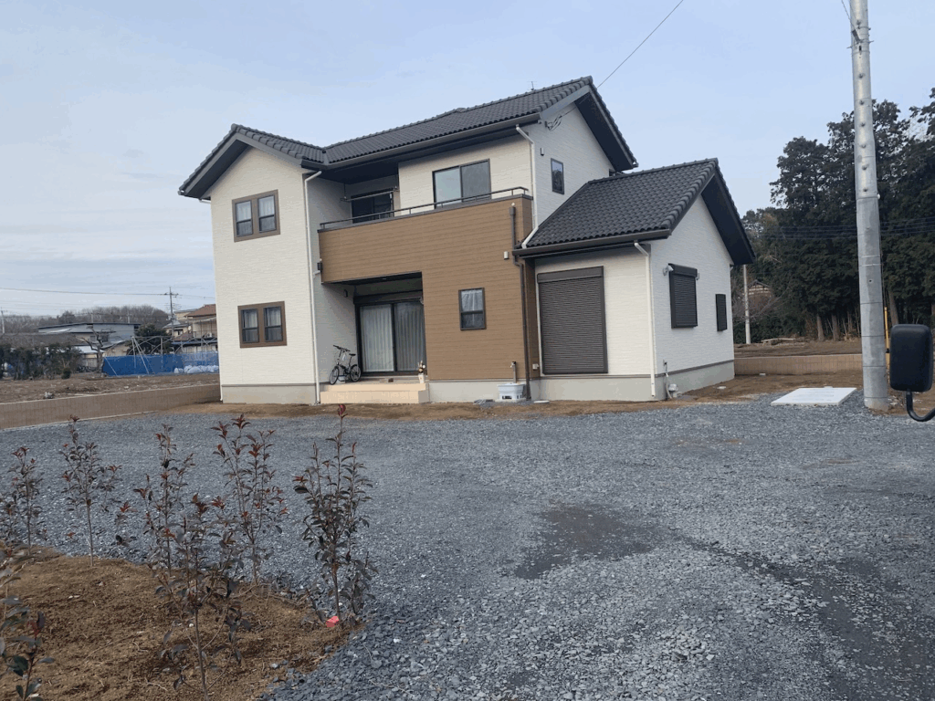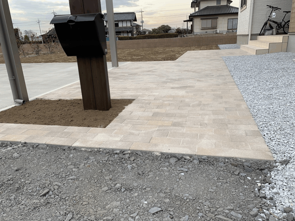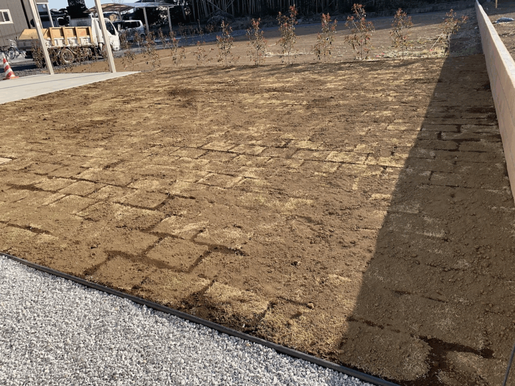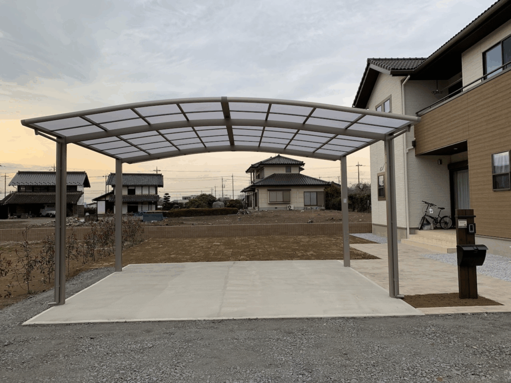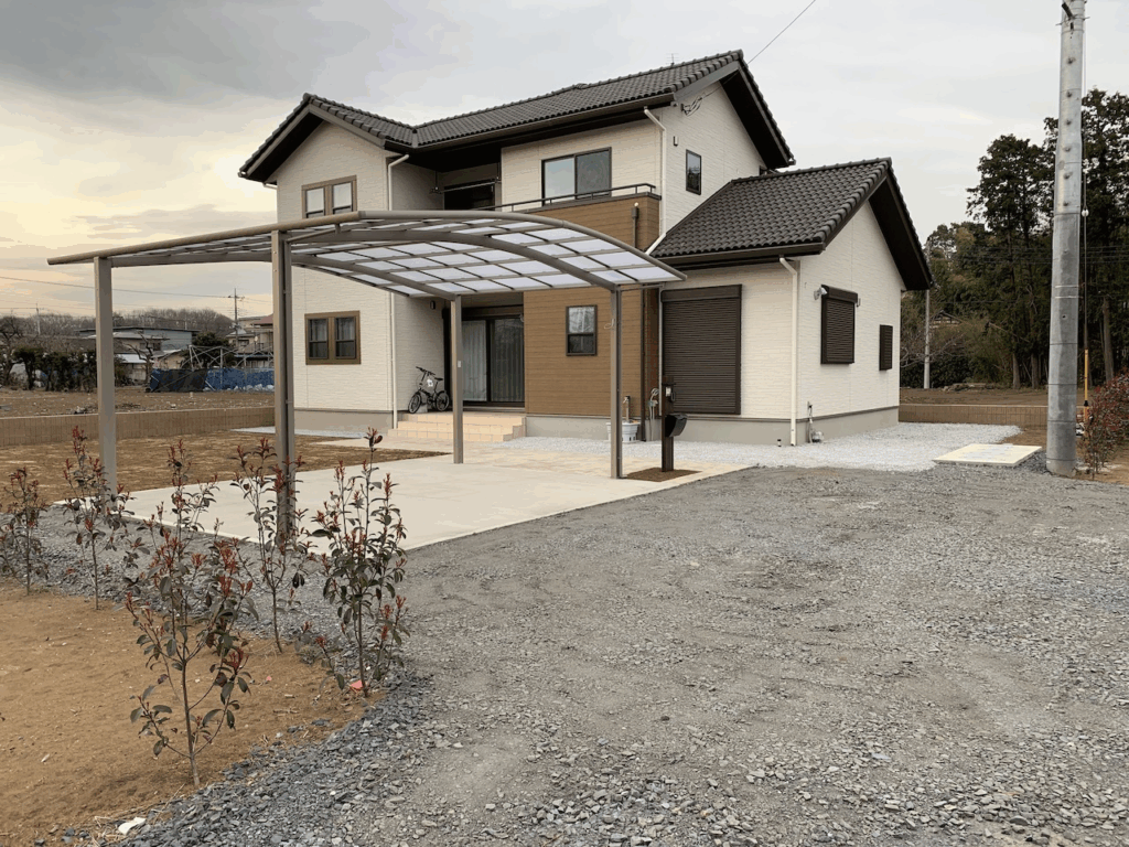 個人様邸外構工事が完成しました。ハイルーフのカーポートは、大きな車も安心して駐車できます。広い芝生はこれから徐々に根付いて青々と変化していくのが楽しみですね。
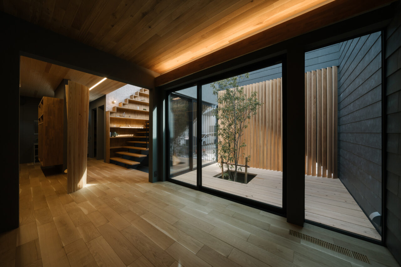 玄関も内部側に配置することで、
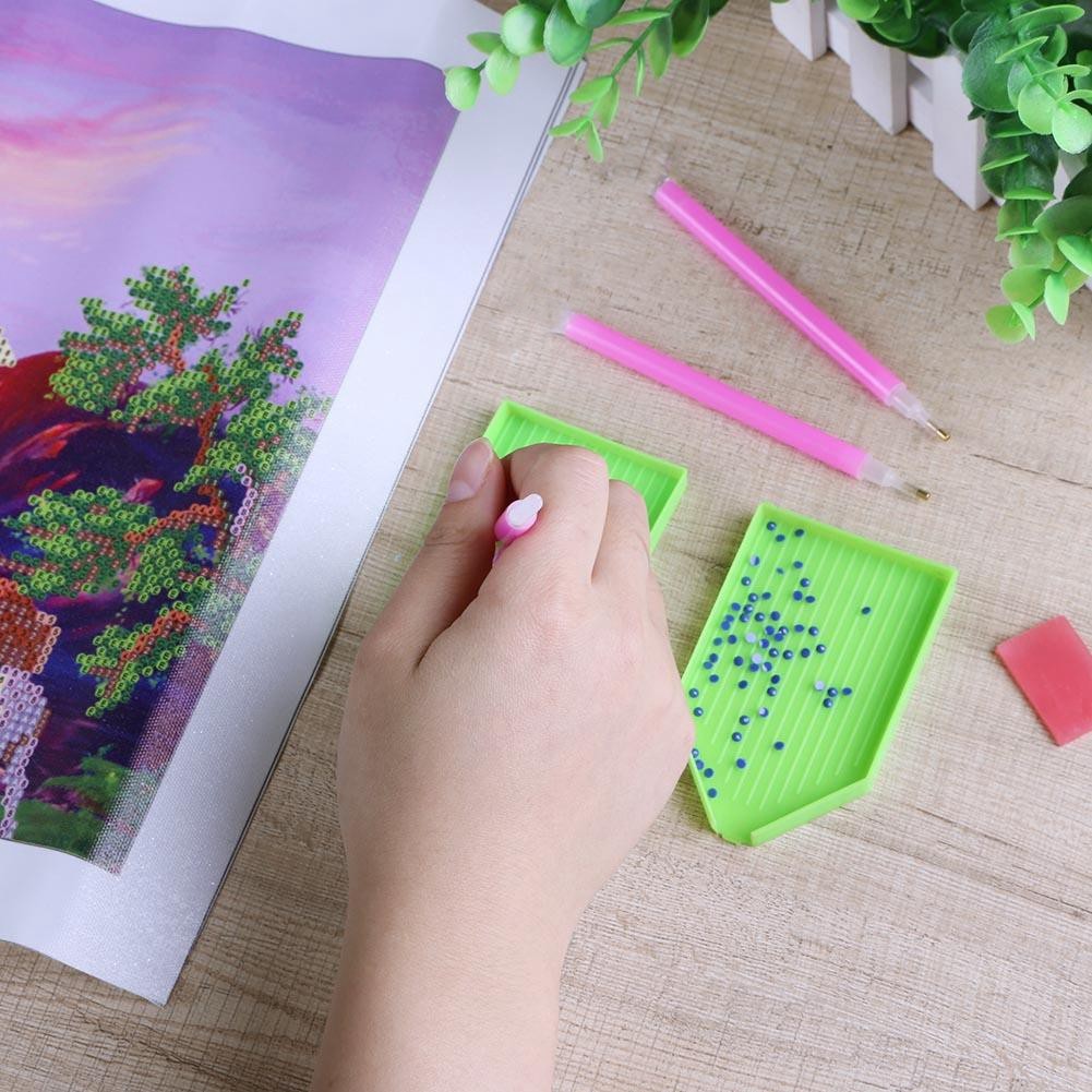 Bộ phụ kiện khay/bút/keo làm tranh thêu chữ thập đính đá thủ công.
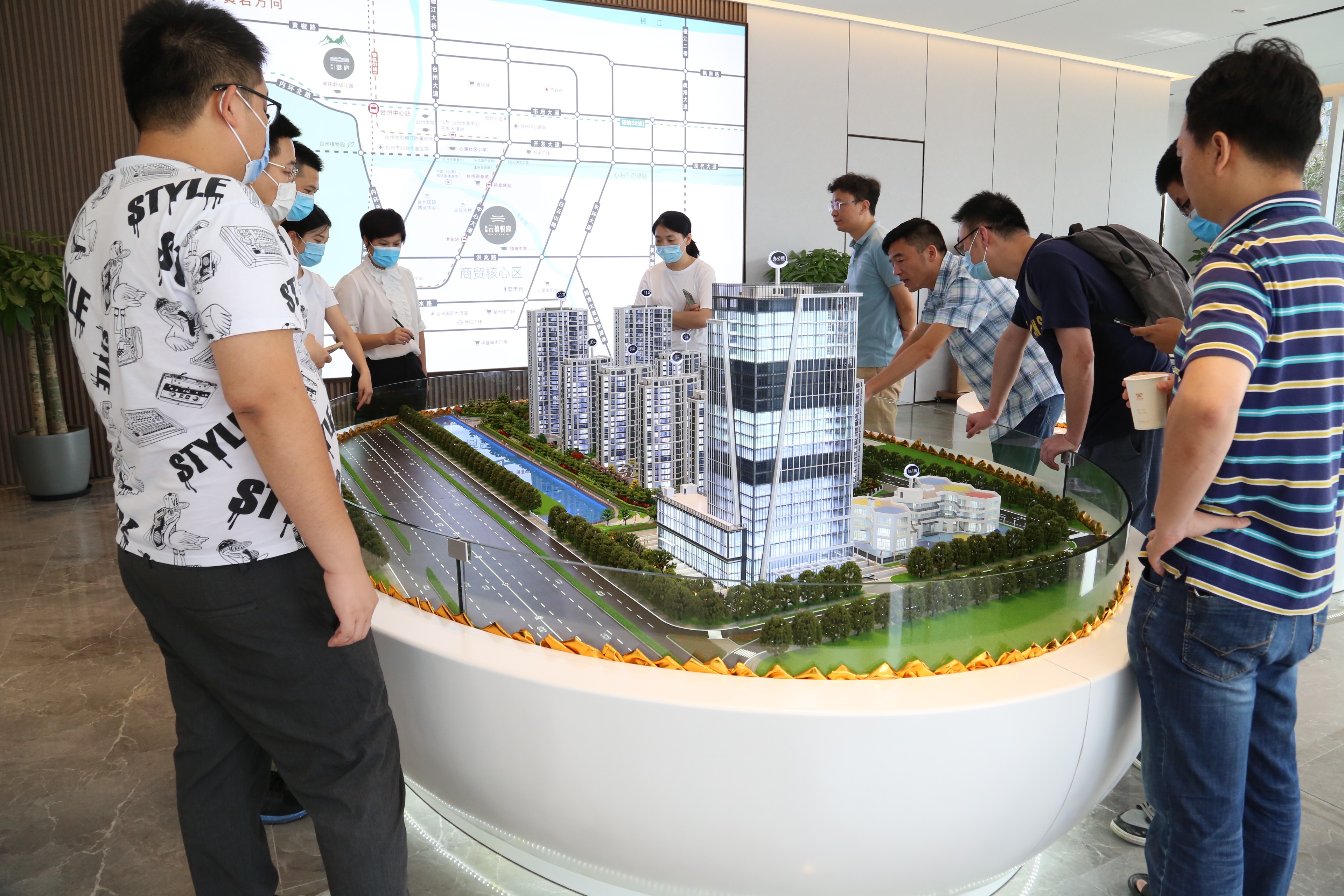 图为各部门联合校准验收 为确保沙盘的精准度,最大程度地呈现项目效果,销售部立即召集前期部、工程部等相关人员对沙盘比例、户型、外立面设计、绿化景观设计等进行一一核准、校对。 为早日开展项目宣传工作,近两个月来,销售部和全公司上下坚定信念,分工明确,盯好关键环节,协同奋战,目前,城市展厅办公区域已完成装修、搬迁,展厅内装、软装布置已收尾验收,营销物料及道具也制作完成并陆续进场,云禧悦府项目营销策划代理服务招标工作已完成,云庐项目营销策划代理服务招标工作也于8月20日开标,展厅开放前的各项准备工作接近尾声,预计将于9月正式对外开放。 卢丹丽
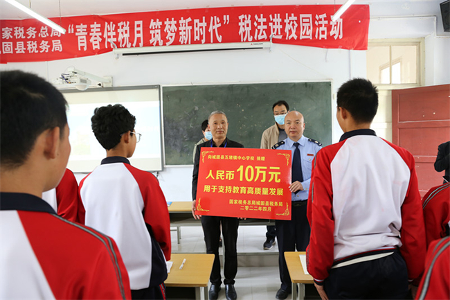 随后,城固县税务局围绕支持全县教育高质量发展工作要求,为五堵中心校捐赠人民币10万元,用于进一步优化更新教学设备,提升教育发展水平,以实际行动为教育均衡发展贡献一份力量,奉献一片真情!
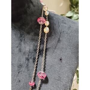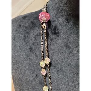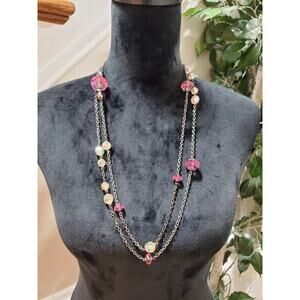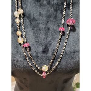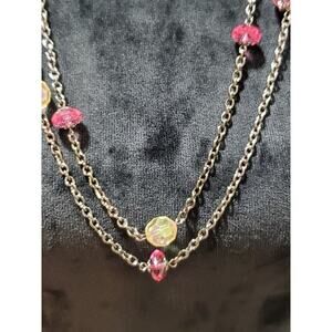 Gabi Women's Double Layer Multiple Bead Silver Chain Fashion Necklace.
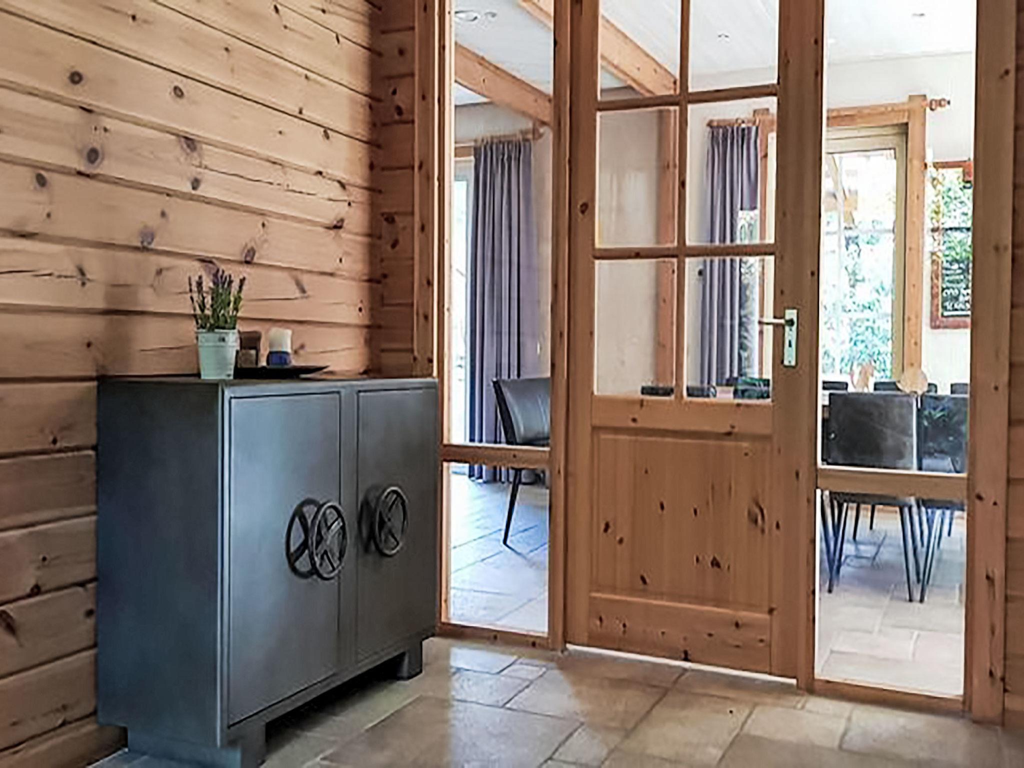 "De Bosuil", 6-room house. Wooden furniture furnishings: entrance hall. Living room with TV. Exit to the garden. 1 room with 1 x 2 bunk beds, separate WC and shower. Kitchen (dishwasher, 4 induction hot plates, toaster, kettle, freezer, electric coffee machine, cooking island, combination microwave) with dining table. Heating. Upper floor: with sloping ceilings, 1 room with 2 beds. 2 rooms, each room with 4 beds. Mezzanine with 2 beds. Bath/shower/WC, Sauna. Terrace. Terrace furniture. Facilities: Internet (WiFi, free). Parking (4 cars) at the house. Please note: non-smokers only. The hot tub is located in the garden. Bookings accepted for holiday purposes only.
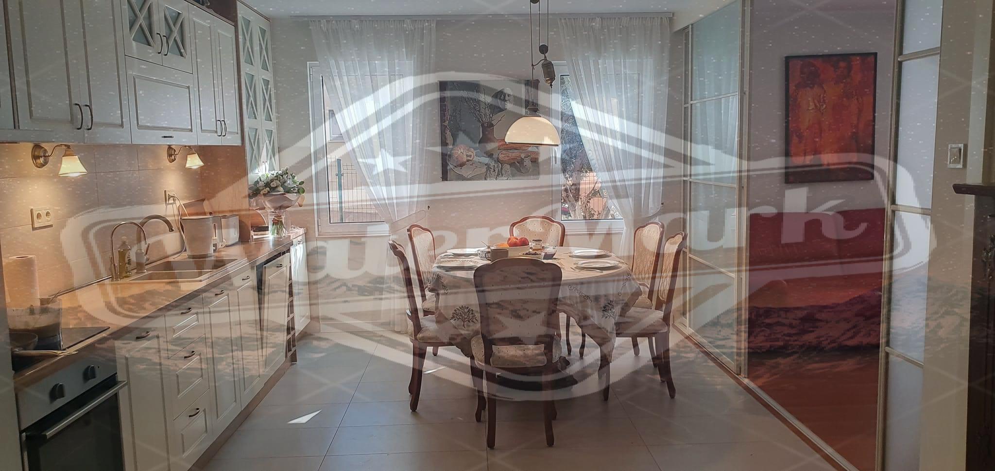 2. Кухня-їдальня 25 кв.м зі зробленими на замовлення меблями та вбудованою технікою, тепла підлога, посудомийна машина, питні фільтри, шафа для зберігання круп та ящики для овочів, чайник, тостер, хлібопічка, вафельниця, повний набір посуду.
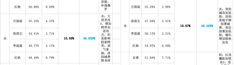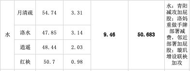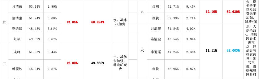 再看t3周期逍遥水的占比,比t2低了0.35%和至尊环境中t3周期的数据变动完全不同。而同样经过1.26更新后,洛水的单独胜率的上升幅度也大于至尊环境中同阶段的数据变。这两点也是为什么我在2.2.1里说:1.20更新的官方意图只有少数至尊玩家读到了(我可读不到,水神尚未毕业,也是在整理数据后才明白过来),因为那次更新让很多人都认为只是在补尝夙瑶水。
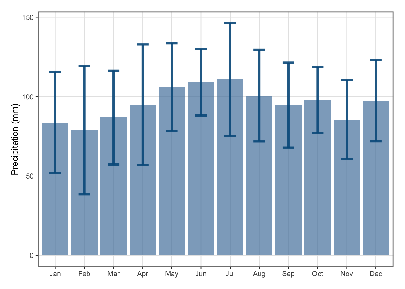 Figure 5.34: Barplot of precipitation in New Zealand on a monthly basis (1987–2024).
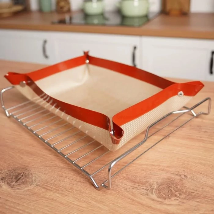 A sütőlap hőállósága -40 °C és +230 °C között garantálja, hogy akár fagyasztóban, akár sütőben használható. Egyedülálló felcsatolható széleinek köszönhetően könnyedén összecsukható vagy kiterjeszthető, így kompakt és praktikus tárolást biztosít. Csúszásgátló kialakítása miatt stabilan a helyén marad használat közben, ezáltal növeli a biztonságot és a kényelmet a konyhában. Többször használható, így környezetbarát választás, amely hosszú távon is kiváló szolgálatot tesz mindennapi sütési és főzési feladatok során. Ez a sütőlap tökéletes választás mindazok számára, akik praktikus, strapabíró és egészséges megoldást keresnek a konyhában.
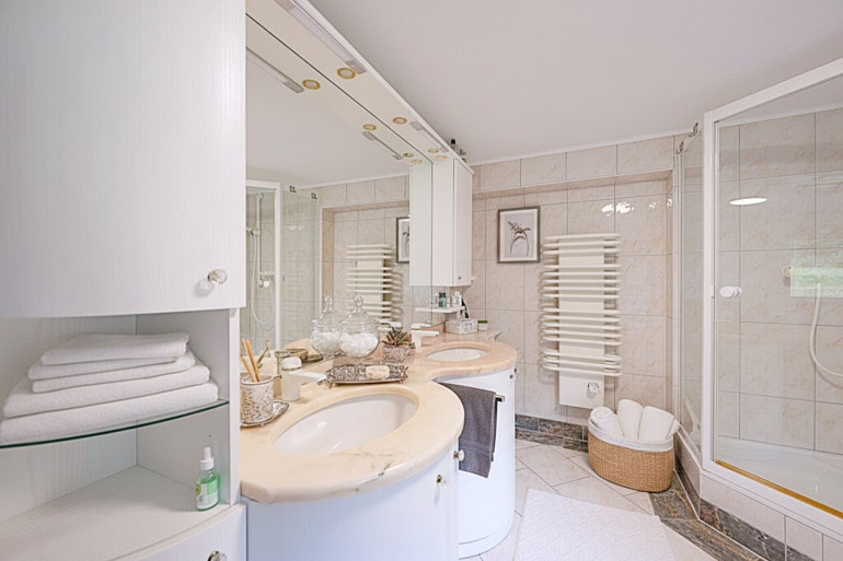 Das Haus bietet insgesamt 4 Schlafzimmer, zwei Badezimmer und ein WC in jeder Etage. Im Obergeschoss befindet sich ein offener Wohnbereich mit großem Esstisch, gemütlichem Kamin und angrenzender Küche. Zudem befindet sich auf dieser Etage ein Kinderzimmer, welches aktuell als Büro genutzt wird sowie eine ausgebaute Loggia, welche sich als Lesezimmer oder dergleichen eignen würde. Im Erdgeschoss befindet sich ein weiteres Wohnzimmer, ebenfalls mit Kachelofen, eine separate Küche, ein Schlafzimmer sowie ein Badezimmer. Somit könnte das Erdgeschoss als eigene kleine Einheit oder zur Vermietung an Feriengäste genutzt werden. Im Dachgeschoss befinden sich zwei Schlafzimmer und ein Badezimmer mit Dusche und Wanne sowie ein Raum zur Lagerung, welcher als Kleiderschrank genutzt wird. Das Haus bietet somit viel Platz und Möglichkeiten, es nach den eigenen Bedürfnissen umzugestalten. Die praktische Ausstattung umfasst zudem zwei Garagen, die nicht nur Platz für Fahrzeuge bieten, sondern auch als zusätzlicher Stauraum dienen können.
------------
▶ **Exercise instructions**: Could you retype all the entries above exactly, without the pictures?

▶ **Expected output**:
 個人様邸外構工事が完成しました。ハイルーフのカーポートは、大きな車も安心して駐車できます。広い芝生はこれから徐々に根付いて青々と変化していくのが楽しみですね。
 玄関も内部側に配置することで、
 Bộ phụ kiện khay/bút/keo làm tranh thêu chữ thập đính đá thủ công.
 图为各部门联合校准验收 为确保沙盘的精准度,最大程度地呈现项目效果,销售部立即召集前期部、工程部等相关人员对沙盘比例、户型、外立面设计、绿化景观设计等进行一一核准、校对。 为早日开展项目宣传工作,近两个月来,销售部和全公司上下坚定信念,分工明确,盯好关键环节,协同奋战,目前,城市展厅办公区域已完成装修、搬迁,展厅内装、软装布置已收尾验收,营销物料及道具也制作完成并陆续进场,云禧悦府项目营销策划代理服务招标工作已完成,云庐项目营销策划代理服务招标工作也于8月20日开标,展厅开放前的各项准备工作接近尾声,预计将于9月正式对外开放。 卢丹丽
 随后,城固县税务局围绕支持全县教育高质量发展工作要求,为五堵中心校捐赠人民币10万元,用于进一步优化更新教学设备,提升教育发展水平,以实际行动为教育均衡发展贡献一份力量,奉献一片真情!
 Gabi Women's Double Layer Multiple Bead Silver Chain Fashion Necklace.
 "De Bosuil", 6-room house. Wooden furniture furnishings: entrance hall. Living room with TV. Exit to the garden. 1 room with 1 x 2 bunk beds, separate WC and shower. Kitchen (dishwasher, 4 induction hot plates, toaster, kettle, freezer, electric coffee machine, cooking island, combination microwave) with dining table. Heating. Upper floor: with sloping ceilings, 1 room with 2 beds. 2 rooms, each room with 4 beds. Mezzanine with 2 beds. Bath/shower/WC, Sauna. Terrace. Terrace furniture. Facilities: Internet (WiFi, free). Parking (4 cars) at the house. Please note: non-smokers only. The hot tub is located in the garden. Bookings accepted for holiday purposes only.
 2. Кухня-їдальня 25 кв.м зі зробленими на замовлення меблями та вбудованою технікою, тепла підлога, посудомийна машина, питні фільтри, шафа для зберігання круп та ящики для овочів, чайник, тостер, хлібопічка, вафельниця, повний набір посуду.
 再看t3周期逍遥水的占比,比t2低了0.35%和至尊环境中t3周期的数据变动完全不同。而同样经过1.26更新后,洛水的单独胜率的上升幅度也大于至尊环境中同阶段的数据变。这两点也是为什么我在2.2.1里说:1.20更新的官方意图只有少数至尊玩家读到了(我可读不到,水神尚未毕业,也是在整理数据后才明白过来),因为那次更新让很多人都认为只是在补尝夙瑶水。
 Figure 5.34: Barplot of precipitation in New Zealand on a monthly basis (1987–2024).
 A sütőlap hőállósága -40 °C és +230 °C között garantálja, hogy akár fagyasztóban, akár sütőben használható. Egyedülálló felcsatolható széleinek köszönhetően könnyedén összecsukható vagy kiterjeszthető, így kompakt és praktikus tárolást biztosít. Csúszásgátló kialakítása miatt stabilan a helyén marad használat közben, ezáltal növeli a biztonságot és a kényelmet a konyhában. Többször használható, így környezetbarát választás, amely hosszú távon is kiváló szolgálatot tesz mindennapi sütési és főzési feladatok során. Ez a sütőlap tökéletes választás mindazok számára, akik praktikus, strapabíró és egészséges megoldást keresnek a konyhában.
 Das Haus bietet insgesamt 4 Schlafzimmer, zwei Badezimmer und ein WC in jeder Etage. Im Obergeschoss befindet sich ein offener Wohnbereich mit großem Esstisch, gemütlichem Kamin und angrenzender Küche. Zudem befindet sich auf dieser Etage ein Kinderzimmer, welches aktuell als Büro genutzt wird sowie eine ausgebaute Loggia, welche sich als Lesezimmer oder dergleichen eignen würde. Im Erdgeschoss befindet sich ein weiteres Wohnzimmer, ebenfalls mit Kachelofen, eine separate Küche, ein Schlafzimmer sowie ein Badezimmer. Somit könnte das Erdgeschoss als eigene kleine Einheit oder zur Vermietung an Feriengäste genutzt werden. Im Dachgeschoss befinden sich zwei Schlafzimmer und ein Badezimmer mit Dusche und Wanne sowie ein Raum zur Lagerung, welcher als Kleiderschrank genutzt wird. Das Haus bietet somit viel Platz und Möglichkeiten, es nach den eigenen Bedürfnissen umzugestalten. Die praktische Ausstattung umfasst zudem zwei Garagen, die nicht nur Platz für Fahrzeuge bieten, sondern auch als zusätzlicher Stauraum dienen können.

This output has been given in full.